Fecal microbiome profiling of pediatric and adult irritable bowel syndrome (IBS) and inflammatory bowel disease (IBD)
Predominant diarrheal diseases of inflammatory bowel diseases (IBD) including ulcerative disease (UC) and Crohn’s disease (CD), and irritable bowel syndrome (IBS) including both diarrhea (IBS-D) and mix (IBS-M) subtype represent major GI clinical manifestations that affect up to 20% of the population. Those diarrheal diseases share several common symptoms including diarrhea and abdominal pain, thus clinical diagnosis usually requires professional evaluation, comprehensive laboratory testing and Rome questionnaire that are time-consuming procedures and usually need multiple patient visits. Since there is no disease-specific stool biomarkers for IBD and IBS1,2, endoscopy remains as the gold standard approach for accurately diagnosing IBD and IBS with the assistance of laboratory testing and questionnaire. Moreover, there are several co-morbid conditions such as IBD and post-infectious IBS patients experiencing CDI3,4, that can impact diagnostic accuracy of diagnosis and treatment efficacy. Thus, there is a need for alternative diagnosis of these diarrheal patients. For the past decade, gut microbiome surveys on those diseases have provided promising insights into disease associations5–7. However, interesting observation reported from single-center microbiome survey lack power and independent cohort is rarely performed. Meta-analysis based on the results of multiple survey reports does not provide confident integration since methods of data generation and analysis vary significantly.

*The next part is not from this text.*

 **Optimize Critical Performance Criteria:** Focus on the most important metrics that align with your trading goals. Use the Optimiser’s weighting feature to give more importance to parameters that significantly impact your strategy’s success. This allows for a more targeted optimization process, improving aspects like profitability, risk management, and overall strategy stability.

Gut microbiome survey is now frequently conducted with targeted metagenomic sequencing, often referred to 16S rDNA amplicon and internal transcribed spacer (ITS) sequencing, has been extensively applied to profile complex consortia of microbes, including bacteria and fungi that populate human gastrointestinal (GI) tract8–10. Pioneering studies, including the American Gut Project8, Human Microbiome Project9 and Earth Microbiome Project10 have established standard operating procedures (SOPs) for microbiome profiling that includes DNA extraction methods, 16S primer design, and bioinformatics pipelines11. Establishing robust microbiome-associations that adequately account for different demographics in human disease requires integrated and sufficiently powered multi-center investigations, including time-consuming ethic approvals for conducting clinical trials. Thus, re-analyzing publicly available cohort data becomes an increasing need to mine host-microbiome interactions that may facilitate precision or personalized diagnosis and microbiome-based therapeutics. However, performing meta-analysis on individual microbiome projects that sequence distinct 16S variable regions on different technology platforms remains a significant challenge since appropriate pipelines are lacking for accurate taxonomic profiling12,13.

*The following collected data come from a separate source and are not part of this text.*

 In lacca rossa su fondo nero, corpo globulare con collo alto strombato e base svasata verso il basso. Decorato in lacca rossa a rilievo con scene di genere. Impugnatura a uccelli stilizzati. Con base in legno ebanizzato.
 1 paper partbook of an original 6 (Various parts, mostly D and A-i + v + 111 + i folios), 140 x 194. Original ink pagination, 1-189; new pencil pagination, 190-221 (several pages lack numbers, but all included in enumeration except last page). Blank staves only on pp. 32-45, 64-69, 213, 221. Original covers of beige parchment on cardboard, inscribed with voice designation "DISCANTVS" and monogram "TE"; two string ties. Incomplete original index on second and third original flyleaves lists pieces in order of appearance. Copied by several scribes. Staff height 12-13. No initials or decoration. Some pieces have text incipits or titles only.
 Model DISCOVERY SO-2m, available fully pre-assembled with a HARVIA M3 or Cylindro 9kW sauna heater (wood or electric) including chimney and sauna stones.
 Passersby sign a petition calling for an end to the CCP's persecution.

The UCLUST algorithm in the QIIME1 package, VSEARCH and Deblur in the QIIME2, USEARCH, mothur and DADA2 are currently the most popular tools for clustering or denoising 16S amplicons. These pipelines have been applied to many single microbiome surveys, but there is limited effort in using these data for microbiome meta-analysis. Closed-reference OTU picking strategy represents the first attempt to analyze multiple data sets and has been used for several large projects including MiBioGen consortium initiative14. A recent report utilizing OTUX also adopted closed-reference OTU picking by using its pre-built region-specific OTU reference database for meta-analysis15. However, concerns are reported about inaccurate taxonomic profiles generated using closed-reference analysis because they fail to assign amplicon reads from different 16S variable regions to the same reference sequence16,17. Notably, de novo sequence clustering is not readily applicable for merging multiple OTU tables, whereas sequencing denoising offer the possibility because they implement amplicon sequence variants (ASVs) for such merging purpose18. However, this is simple combination of ASV tables without solving the phylogeny of ASVs originated from the same parent 16S sequence. Thus, meta-analysis interpretation at OTU/ASV level still requires novel tools. Taxonomic binning from OTU/ASV tables becomes a more feasible approach if taxonomic annotation of OTUs/ASVs is accurate across multiple 16S regions19–21. This represents the major goal of this study. We designed a bioinformatics pipeline – Taxa4Meta that achieves high accuracy of clustering and taxonomic annotation across different amplicon sequences. We evaluated its performance using both mock and experimental microbiome datasets. Taxa4Meta pipeline was further used for microbiome meta-analysis of predominant diarrheal diseases including IBD and IBS. We plan to apply the same bioinformatics approach to the LifeLines cohort data and use shotgun metagenomic data for further validation of taxonomic and functional features.